But a recent book raises questions about this legacy. In his book The Man Who Broke Capitalism, reporter David Gillis argues that Welch popularized an approach to management that focused on shareholder value at the expense of workers, and ultimately the company he was running.
A former intern with Welch disagrees with this characterization.
“I only respect Jack Welch,” Bob Nardelli, former CEO of Home Depot, said in a recent interview with Yahoo Finance’s editor-in-chief on Influencers with Andy Serwer.
Nardelli began his career as a junior manufacturing engineer at General Electric in 1971. Working his way up the ranks, eventually becoming President and CEO of GE Power Systems in 1995. Along the way, he met Welch, who became his mentor and role model. In fact, Nardelli soon became known as “Little Jack”.
He still remembers how Welch pushed him to be at his best.
“He was someone who could be very strict and give constructive feedback. He would still put his arm around you, you know, make you feel so important,” Nardelli, who also served as CEO of Chrysler, says. , for challenging you… and at the same time, making sure that you are highly respected and appreciated.”
Welch served as Chairman and CEO of GE for nearly two decades. During that time, the company has grown and diversified extensively. He expanded it into businesses that include financial services, real estate, and jet engines, among many other areas.
He even ventured into the entertainment. In 1986, GE acquired RCA (Radio Corporation of America), which owns NBC.
“It was a real special breed that could manage a conglomerate,” Nardelli said. “A lot of people can’t do that.”
As GE grew, Welch adopted a management style that emphasized a pragmatic approach to business as well as radical accountability. For example, he was famous for identifying and releasing 10% of GE’s workforce annually to keep the company competitive.
“He set expectations that encouraged you to reach and expand to reach goals you might not have otherwise achieved, and hold you accountable,” Nardelli said.
Under Welch’s leadership, General Electric enjoyed resounding success. The company’s market capitalization jumped from $14 billion in 1981 to $410 billion in 2001. Fortune magazine declared Welch “the manager of the century,” in 1999 and other executives began emulating his approach to business.
“It is heartbreaking to see what happened to General Electric.”
But Welch’s critics contend that his approach to management, while profitable in the short term, was ultimately not sustainable.
Since Welch’s retirement in 2001, GE has experienced a sharp decline, especially during the 2008 financial crisis. GE has also made several ill-fated acquisitions. For example, in 2015, it acquired the gas turbine operations of the French company Alstom SA only in order to collapse the demand for gas turbines.

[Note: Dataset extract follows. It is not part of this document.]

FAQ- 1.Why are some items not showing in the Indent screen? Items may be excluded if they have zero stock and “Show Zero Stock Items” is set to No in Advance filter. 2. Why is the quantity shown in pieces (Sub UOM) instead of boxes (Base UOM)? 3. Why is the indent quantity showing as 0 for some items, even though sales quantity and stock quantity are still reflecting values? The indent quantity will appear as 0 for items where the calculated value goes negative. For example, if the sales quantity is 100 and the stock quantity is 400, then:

The failed deal resulted in a write-off of $23 billion.
In a Fortune article, Yale School of Management professor Jeffrey Sonnenfeld attributed many of GE’s failures to Welch’s mistaken belief that he could succeed across industries with his management philosophy rather than industry-specific knowledge.

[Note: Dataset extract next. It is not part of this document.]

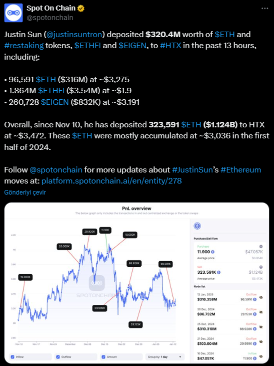 Spot Onchain tarafından paylaşılan verilere göre Justin Sun, 13 saat içinde HTX üzerinde 320,4 milyon dolar değerinde ETH ve restaking token taşıdı. İşlem detayları arasında 96.591 ETH (yaklaşık 316 milyon dolar değerinde), 1,864 milyon ether.fi (ETHFI) token (yaklaşık 3,54 milyon dolar değerinde) ve 260.728 EIGEN token (yaklaşık 832 bin dolar değerinde) yer aldı. Sun, Ether’i ETH başına ortalama 3.275 dolarlık fiyattan yatırdı ve bu da daha önceki birikim fiyatlarına (3.036 dolar) göre bir primi yansıtıyor. Bu, Justin Sun’ın ticaret fırsatlarını göz önünde tutmak için yaptığı taktiksel bir hareket olabilir.

“The idea of interchangeable management expertise, such as interchangeable parts on an assembly line, contributed to massive strategic pitfalls under Welch’s leadership,” Sonnenfeld said.
The company was dropped from Dow in 2018, and three years later, the once-dominant group revealed that it plans to split its business into three public companies focused on aviation, energy and healthcare. Its market capitalization is now $81 billion – nearly 20% of what it was under Welch.

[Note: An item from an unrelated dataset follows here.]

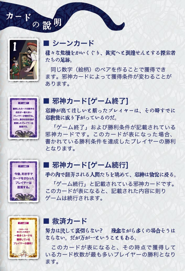 邪神カードは44種類(1枚ずつ)、救済カードは6枚(内容は同一)が同梱されています。

“It’s heartbreaking to see what happened to General Electric. I spent 30 years of my life in it,” Nardelli said. It is heartbreaking.”
In his book The Man Who Broke Capitalism, David Gillis argues that the spread of Welch’s management philosophy has had the effect of eroding impact on society. He even links the Welch effect to two Boeing crashes in 2018 and 2019. He explains that three Boeing contract CEOs previously worked at GE under Welch and internalized his focus on financial success. Thus, they have prioritized high shareholder value over robust aerospace engineering during their leadership Boeing, according to Gillis.
“If you look at Boeing’s history over the past 25 years, you see very clearly the imprint of his leadership and his priorities as delivered through his disciples,” Gillis said in a recent interview with Yahoo Finance. There was a larger cultural problem within Boeing. And this cultural problem ultimately goes back to Jack Welch.”
Although he said he respects Gillis’ right to an opinion, Bob Nardelli has remained steadfast in defending his former mentor, who died in 2020 at the age of 84.
Nardelli said, “I don’t think it’s appropriate to go after someone who has died, not having the ability to defend himself. That’s just my point of view. I mean, I know some people have praised this book. I’m not one of them.”